Our phylogenetic analyses of resistant tumours demonstrate no significant tumour evolution or clonal/subclonal selection with therapy, supporting the concept that resistant tumours are “hardwired” to survive in the castrate environment. We have previously found no mutation or structural variant consistently shared between resistant tumours at any of the gene/pathway/ontology levels, and no evidence of previously characterised genomic drivers of resistance.  We have performed whole genome and RNA sequencing on paired pre- and post-treatment tumour samples obtained from high-risk patients undergoing profound androgen suppression for 6 months before prostatectomy, in whom clinical responses ranged from complete involution to no effect.  Transcriptional profiling indicated that resistant cells undergo a phenotypic reprogramming in response to therapy that may be important for cellular survival, and suggests that these changes are regulated by alterations in post-translational histone modifications. This raises the possibility that hardwired resistance is epigenetically, and not genomically mediated.
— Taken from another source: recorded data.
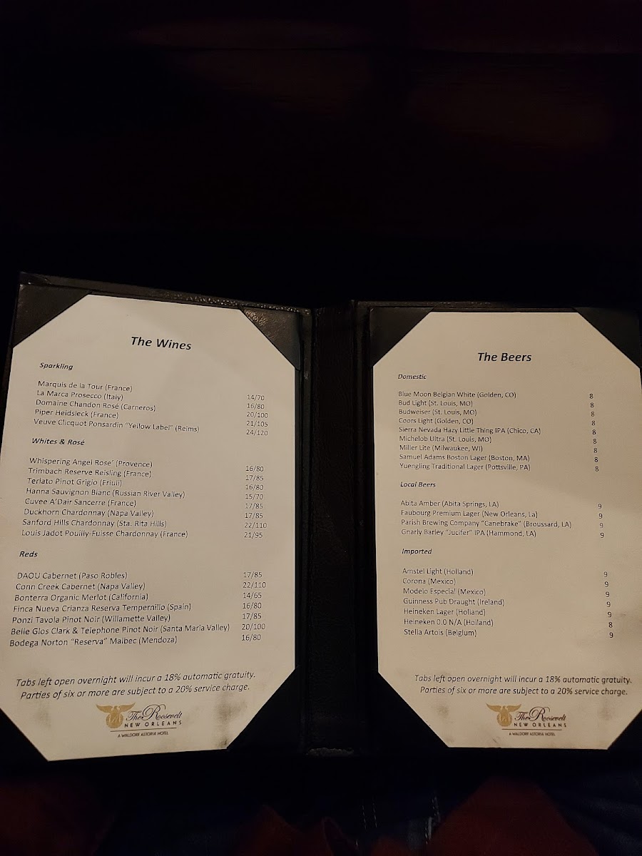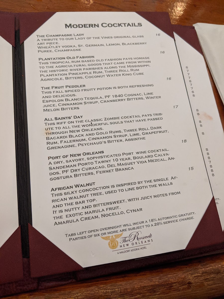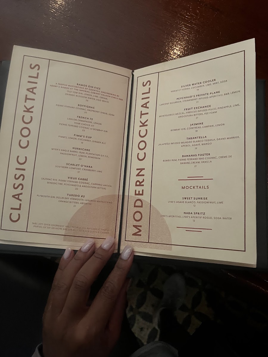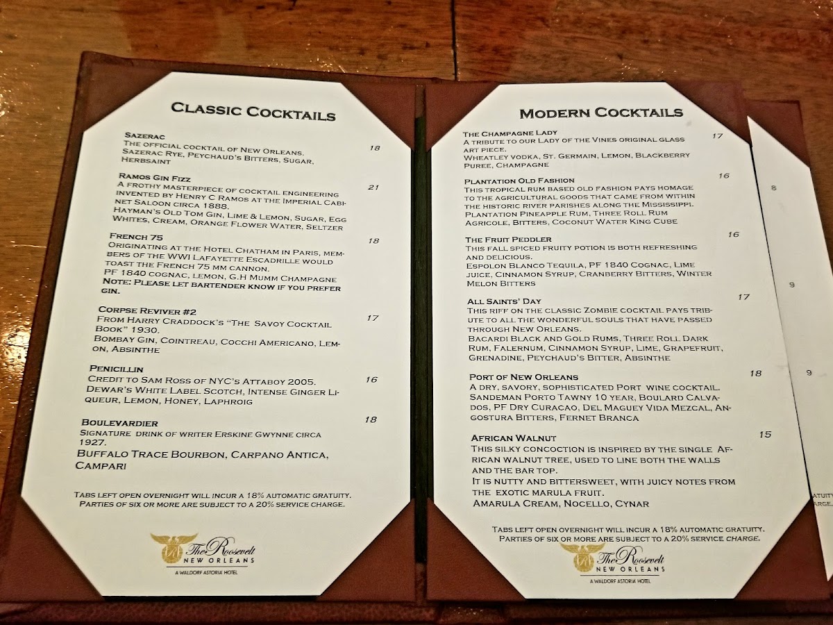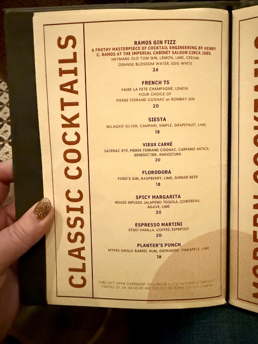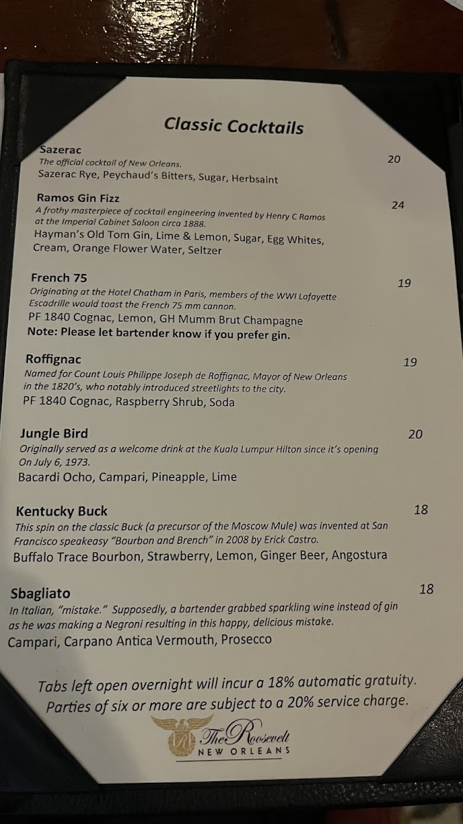 Introducing the menu at The Sazerac Bar, a New Orleans gem tucked within the Roosevelt Hotel. Here, classic cocktails meet modern creativity in an ambiance steeped in history. The highlight of the menu is undoubtedly the Sazerac, New Orleans' official cocktail, featuring Sazerac rye and Peychaud's bitters—an absolute must-try at $19. Another standout is the Ramos Gin Fizz, a frothy cocktail masterpiece that blends Hayman’s Old Tom Gin with citrus and cream for $23.
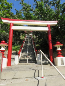 ▲お宮(ウタキ)への神道 ▲昭和9年に建立された「謝名神社」(お宮)
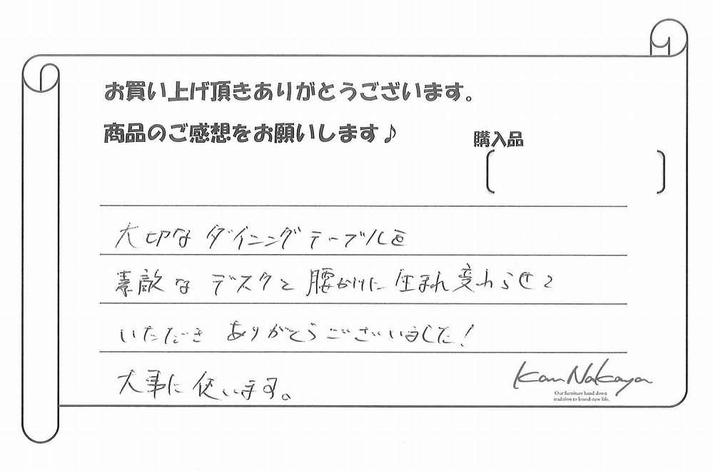 『大切なダイニングテーブルを素敵なデスクと腰かけに生まれ変わらせていただきありがとうございました!
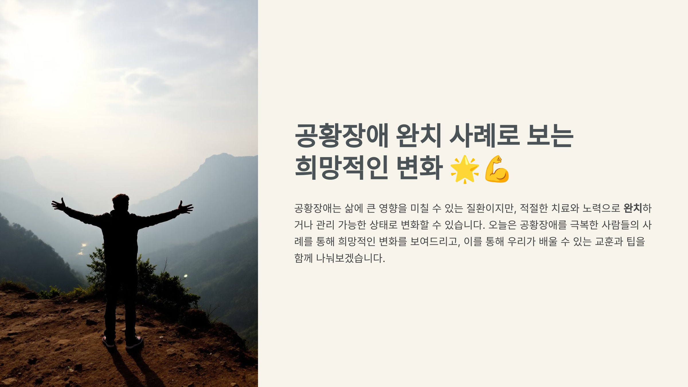 공황장애는 삶에 큰 영향을 미칠 수 있는 질환이지만, 적절한 치료와 노력으로 완치하거나 관리 가능한 상태로 변화할 수 있습니다. 오늘은 공황장애를 극복한 사람들의 사례를 통해 희망적인 변화를 보여드리고, 이를 통해 우리가 배울 수 있는 교훈과 팁을 함께 나눠보겠습니다.

Our data from patient-derived tumours grown in androgen-deprived conditions support the concept that cancer cells adapt to castration though histone mediated transcriptional reprogramming and development of a stem cell–like phenotype. This project will involve establishing an organoid model of prostate cancer and investigating the effect of perturbing key nodes in this adaptive process.
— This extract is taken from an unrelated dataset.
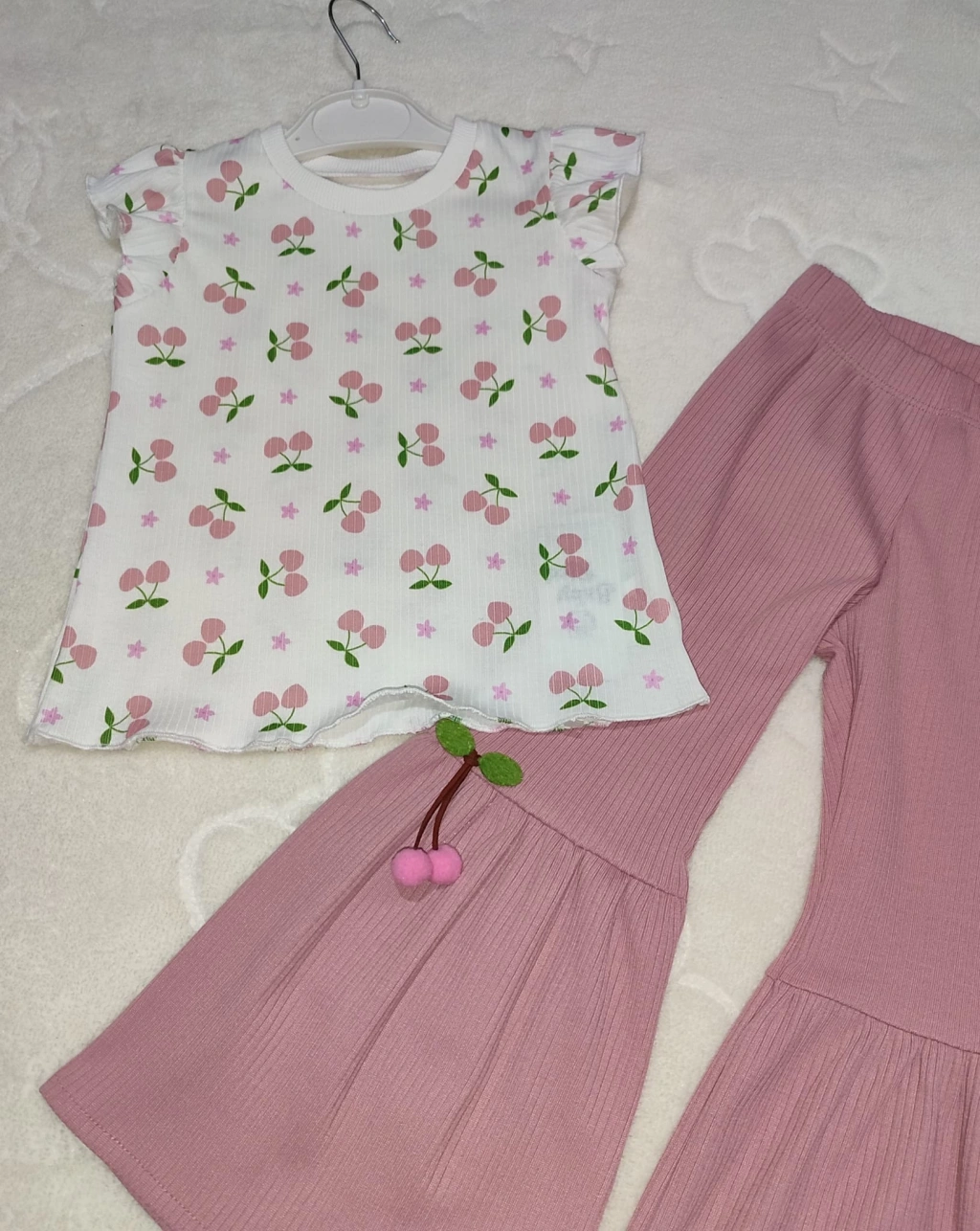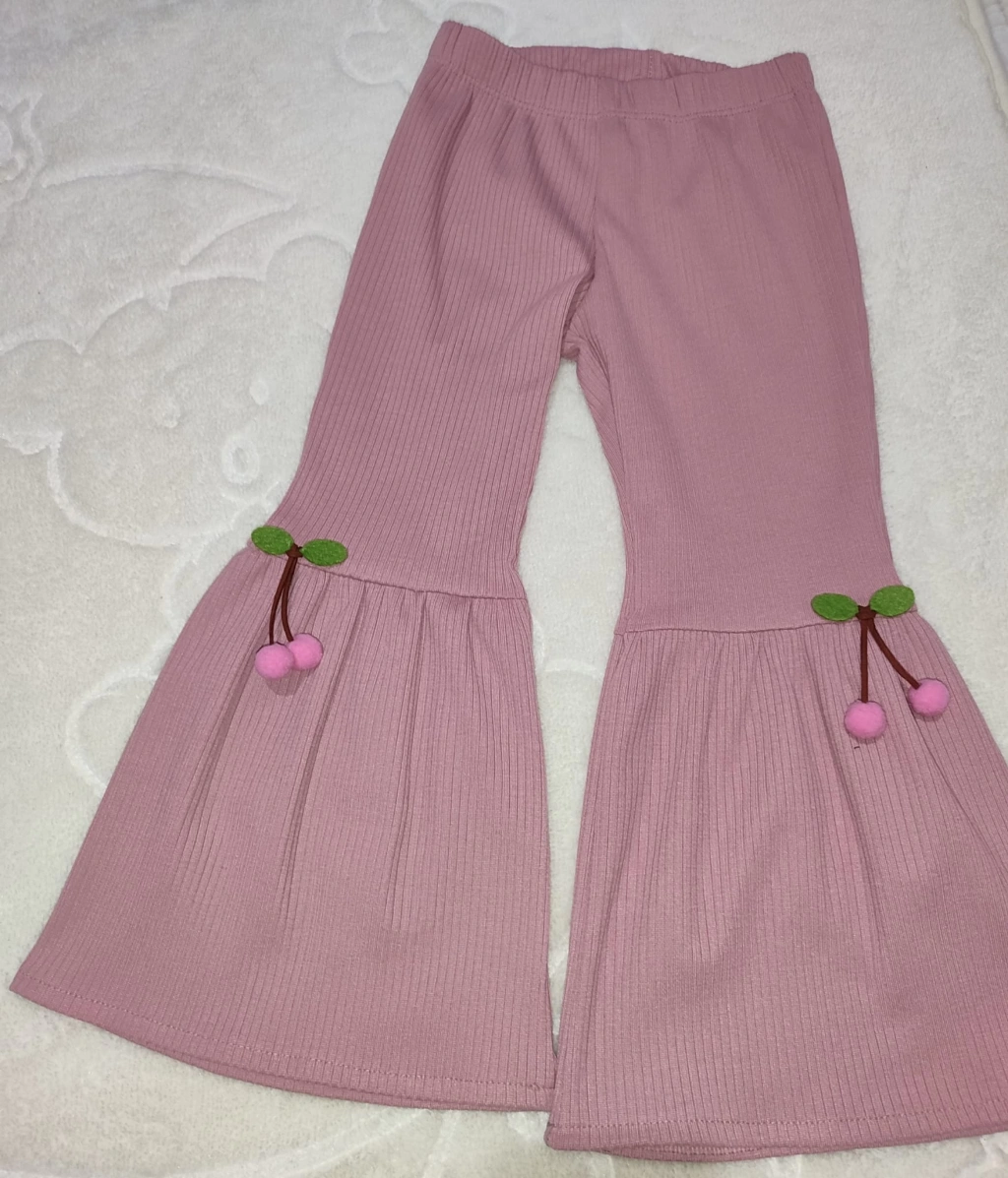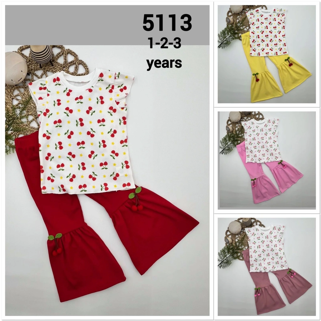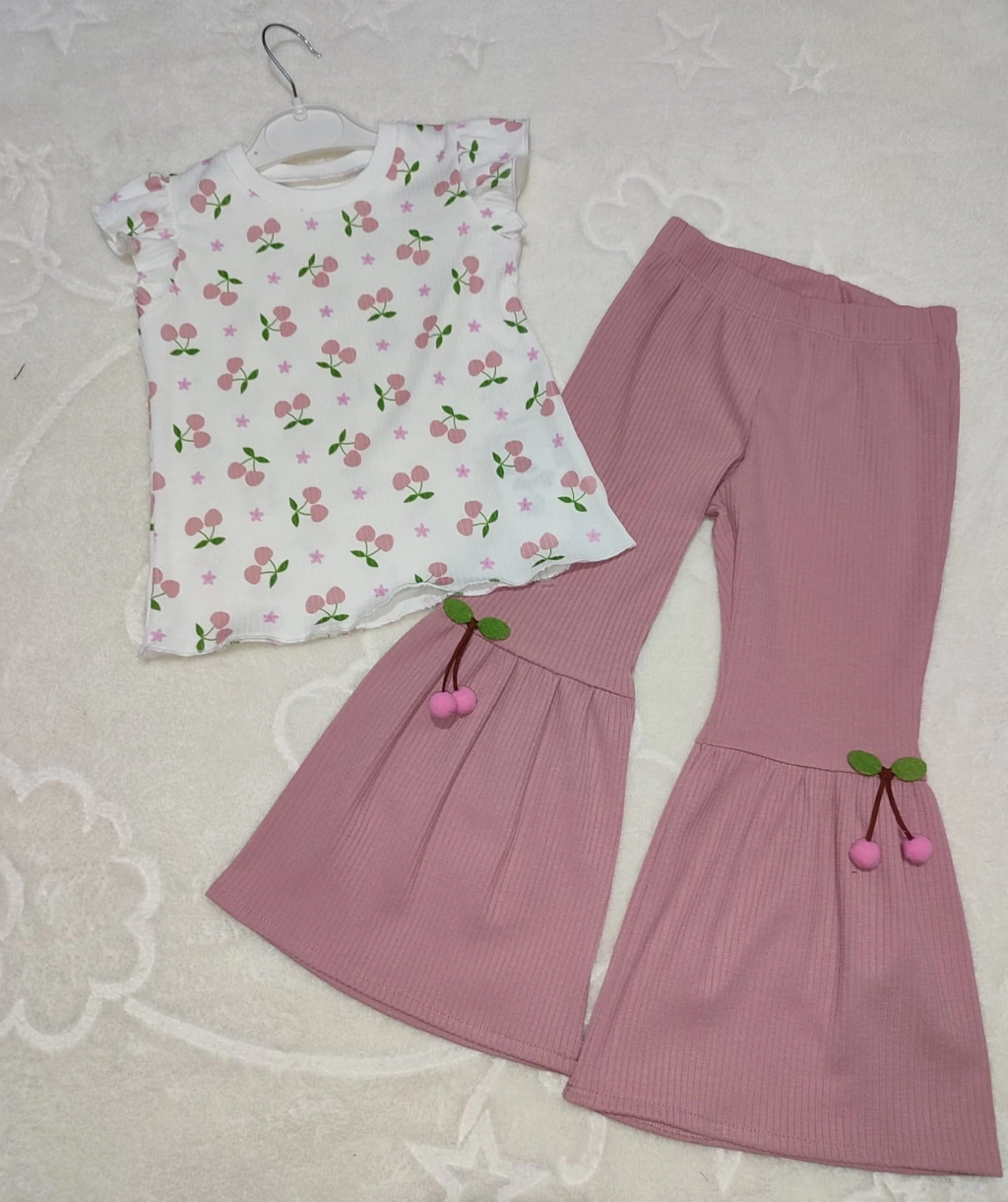 1-2-3-4 Yaş Kiraz Baskılı Tişört İspanyol Paçalı Likralı 2li Kız Çocuk Takımı

Skills & Techniques may involve:  tissue culture, organoid growth / 3D printing, western blotting, immunohistochemistry, RNA/DNA extraction, qPCR, RNA/DNA sequencing, functional validation (overexpression/knockdown experiments), work on animal models, drug screening, and datamining.

Benefits to student: Molecular and clinical research, multi-collaborative project encompassing basic research and clinical interaction. Working with clinical samples from prostate cancer patients.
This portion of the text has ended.